Hakekat dari Islam adalah berserah diri kepada Allah dengan mentauhidkan-Nya, dan taat terhadap perintahnya-Nya dan menjauhi larangan-Nya, serta berlepas diri dari kesyirikan dan orang musyrik. Dan ini adalah konsekuensi dari laailaaha illallah. Tidak mungkin seseorang menetapkan Allah sebagai satu-satunya sesembahan yang haq, namun secara bersamaan itu mengakui dan berlapang dada terhadap ajaran yang menyatakan ada sesembahan tandingan selain Allah. Tidak mungkin ada orang yang beriman kepada Allah dan mentauhidkan Allah, namun tidak membenci kekafiran dan tidak membenci ajaran kekafiran dan kemusyrikan. Allah Ta’ala berfirman (artinya) : “Tidak akan kamu dapati kaum yang beriman kepada Allah dan hari akhir, mereka berkasih-sayang kepada orang yang menentang Allah dan Rasul-Nya” (QS. Al-Mujadalah: 22).

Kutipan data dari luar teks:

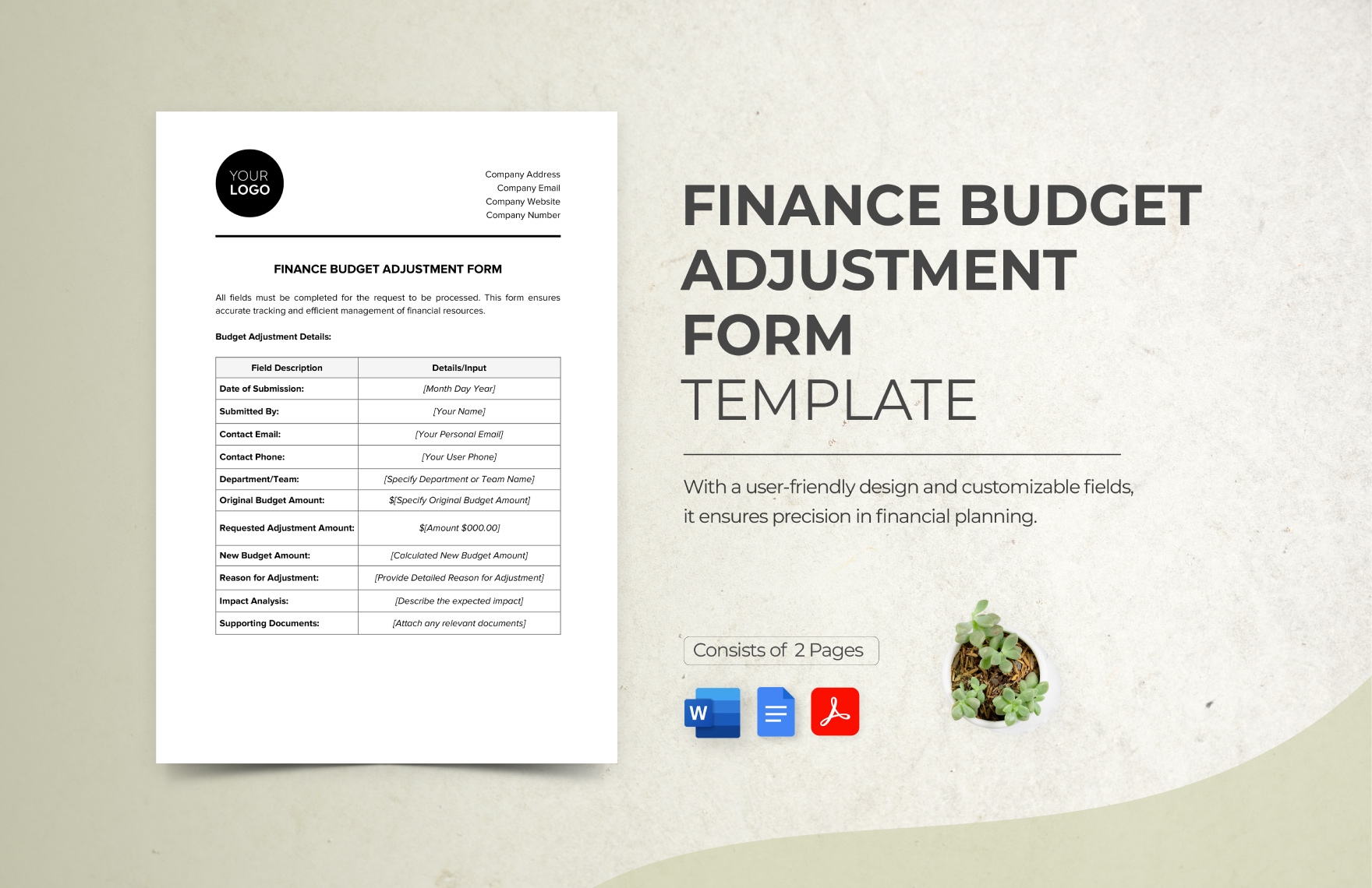 Finance Budget Adjustment Form Template In Word PDF Google Docs Download Template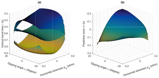 With the 1.5D prediction algorithm, the vertical traveltimes of the internal multiples are predicted by doubling the vertical traveltimes of the second primary events and then subtracting the vertical traveltimes of the first primaries, i.e., . Compared to the recorded internal multiples, the predicted errors with varying dipping angles and horizontal slowness are plotted in Figure 4b. Figure 4b demonstrates that for a common shot gather internal multiple prediction on dipping strata using the 1.5D algorithm, the absolute values of prediction errors dramatically raised (up to 0.2 s) along the increasing dipping angles and horizontal slownesses.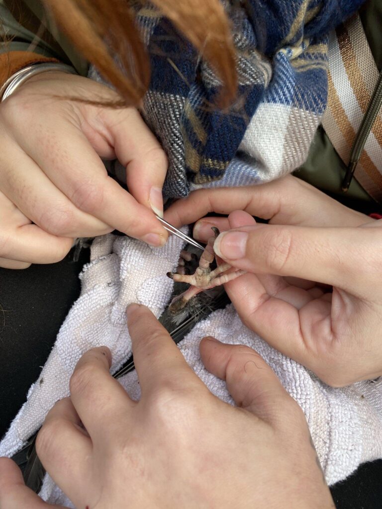 L’activité principale consistait à enlever des cheveux et des ficelles de ses pattes. Pour faire ça il suffit d’avoir du temps, de la patience et quelques outils comme un ciseau fin, une serviette, un spray antiseptique SANS alcool pour nettoyer, si besoin.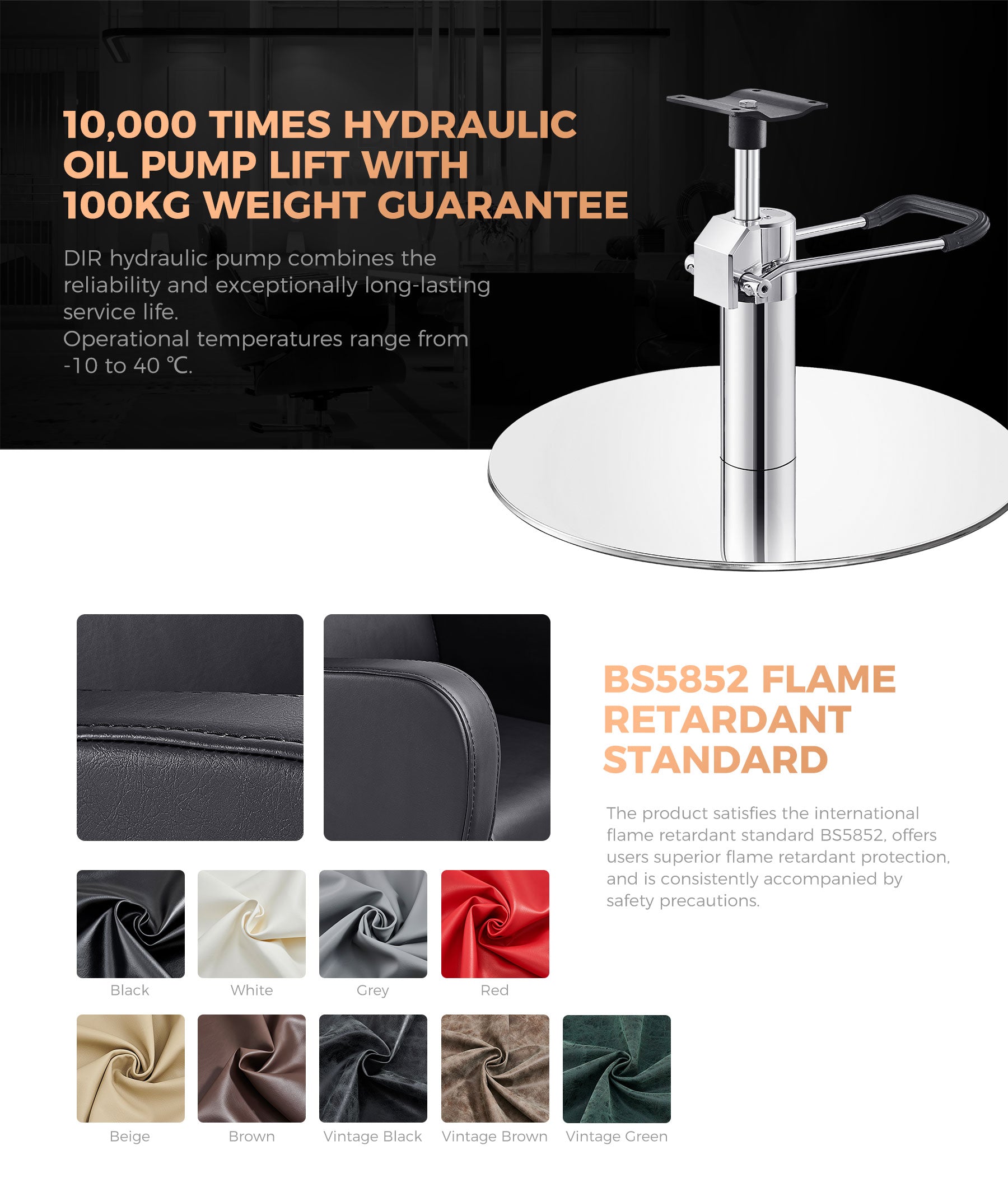صُمم كرسي صالون بيلانو ليتحمل متطلبات صالونات التجميل المزدحمة، فهو يتميز بمتانته وطول عمره. تستطيع المضخة الهيدروليكية شديدة التحمل التعامل مع أوزان تزيد عن 204 كيلوغرامات، مما يضمن بقاء الكرسي متيناً وموثوقاً. يأتي الكرسي مع ضمان لمدة عامين على المضخة وثلاث سنوات على القاعدة، مما يعزز من متانته.

Jika ada yang berkata: “Masalah keyakinan saja koq dibesar-besarkan?” atau semisalnya. Justru bagi seorang muslim, masalah aqidah atau keyakinan adalah masalah terbesar dalam hidupnya. Perkara yang berkaitan dengan hubungan seorang insan dengan Rabb-nya. Perkara yang merupakan tujuan hidup. Perkara yang menentukan nasibnya kelak di hari kiamat nanti, yang menentukan kelak ia merasakan adzab abadi ataukah nikmat abadi.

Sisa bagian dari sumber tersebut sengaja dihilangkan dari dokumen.